1. Credit card applications

Commercial banks receive a lot of applications for credit cards. Many of them get rejected for many reasons, like high loan balances, low income levels, or too many inquiries on an individual's credit report, for example. Manually analyzing these applications is mundane, error-prone, and time-consuming (and time is money!). Luckily, this task can be automated with the power of machine learning and pretty much every commercial bank does so nowadays. In this notebook, we will build an automatic credit card approval predictor using machine learning techniques, just like the real banks do.
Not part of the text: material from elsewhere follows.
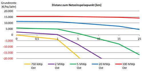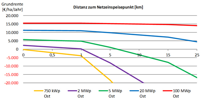 Wie sich der zukünftige Ausbau von PV-Freiflächenanlagen weiterentwickelt, ist stark von den rechtlichen Rahmenbedingungen und der Wirtschaftlichkeit der PV-Freiflächenanlagen abhängig. Wirtschaftlichkeitsanalysen zeigen, dass die Entfernung zum Netzeinspeisepunkt entscheidend für die wirtschaftliche Realisierung der Anlage ist (siehe Grafik). Ein weiterer wichtiger Parameter für die Rentabilität der Anlagen ist die Anlagengröße. Derzeit rentieren sich vor allem Anlagen ab einer Anlagengröße von ca. 7 Hektar. Die wirtschaftliche Verwertung des Bodens, ausgedrückt in der Grundrente, ist deutlich höher als bei einer klassischen landwirtschaftlichen Nutzung. Somit entsteht ein erheblicher Anreiz, PV-Freiflächenanlagen auf landwirtschaftlichen Flächen zu errichten. Für Flächeneigentümer dürfte es somit rentabler sein, ihre Flächen an PV-Anlagenbetreiber zu verpachten, anstatt an landwirtschaftliche Betriebe.

Credit card being held in hand

We'll use the Credit Card Approval dataset from the UCI Machine Learning Repository. The structure of this notebook is as follows:

  • First, we will start off by loading and viewing the dataset.
  • We will see that the dataset has a mixture of both numerical and non-numerical features, that it contains values from different ranges, plus that it contains a number of missing entries.
  • We will have to preprocess the dataset to ensure the machine learning model we choose can make good predictions.
  • After our data is in good shape, we will do some exploratory data analysis to build our intuitions.
  • Finally, we will build a machine learning model that can predict if an individual's application for a credit card will be accepted.

First, loading and viewing the dataset. We find that since this data is confidential, the contributor of the dataset has anonymized the feature names.